AIM OF THE EXERCISE:
Where the data below shows a picture, leave that picture out and copy the rest exactly.

DATA SHOWN:
————

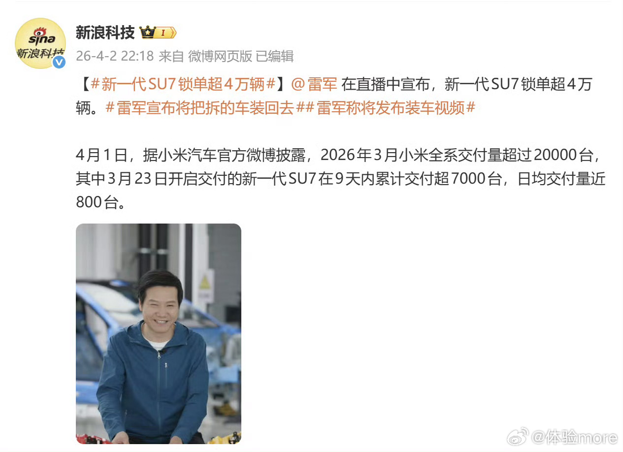 新一代SU7锁单超4万辆新一代SU7卖得挺好啊,锁单都超4万辆了。34分钟锁单超1万五千辆,3月23号锁单超3万辆,4月2号锁单超4万辆,也就是刚两周时间就卖出去超4万辆了,这是改款还不是新车型。
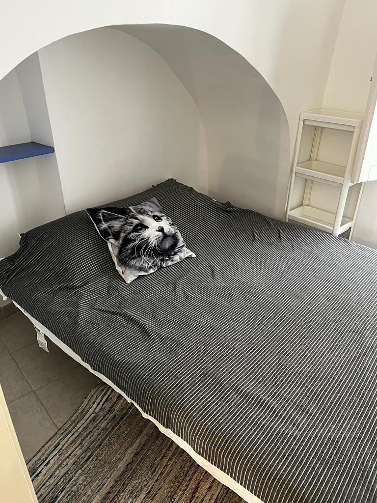 W mieszkaniu miejscem szczególnym jest sypialnia, która położona na podwyższeniu i zamykana drzwiami daje świetne miejsce wytchnienia od zgiełku plaży i południowego upału.
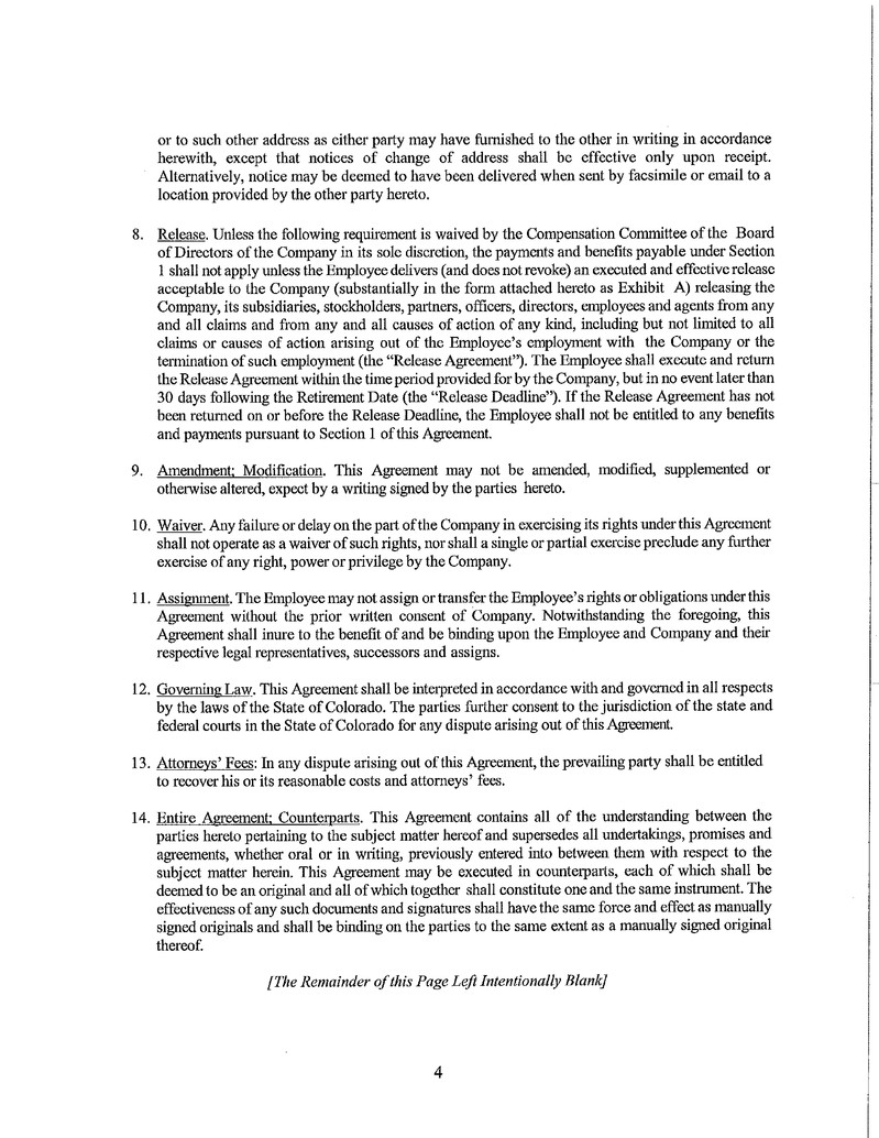 EX-10.20 2 jamesvenezianosignedreti.htm EXHIBIT 10.20 jamesvenezianosignedreti
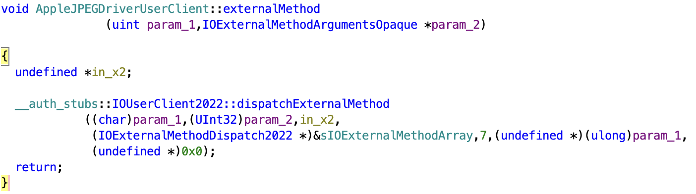 IOUserClient2022::dispatchExternalMethod(self, unsigned int, IOExternalMethodArgumentsOpaque*, IOExternalMethodDispatch2022 const*, unsigned long, OSObject*, void*)

————

ANSWER TO THE EXERCISE:
 新一代SU7锁单超4万辆新一代SU7卖得挺好啊,锁单都超4万辆了。34分钟锁单超1万五千辆,3月23号锁单超3万辆,4月2号锁单超4万辆,也就是刚两周时间就卖出去超4万辆了,这是改款还不是新车型。
 W mieszkaniu miejscem szczególnym jest sypialnia, która położona na podwyższeniu i zamykana drzwiami daje świetne miejsce wytchnienia od zgiełku plaży i południowego upału.
 EX-10.20 2 jamesvenezianosignedreti.htm EXHIBIT 10.20 jamesvenezianosignedreti
 IOUserClient2022::dispatchExternalMethod(self, unsigned int, IOExternalMethodArgumentsOpaque*, IOExternalMethodDispatch2022 const*, unsigned long, OSObject*, void*)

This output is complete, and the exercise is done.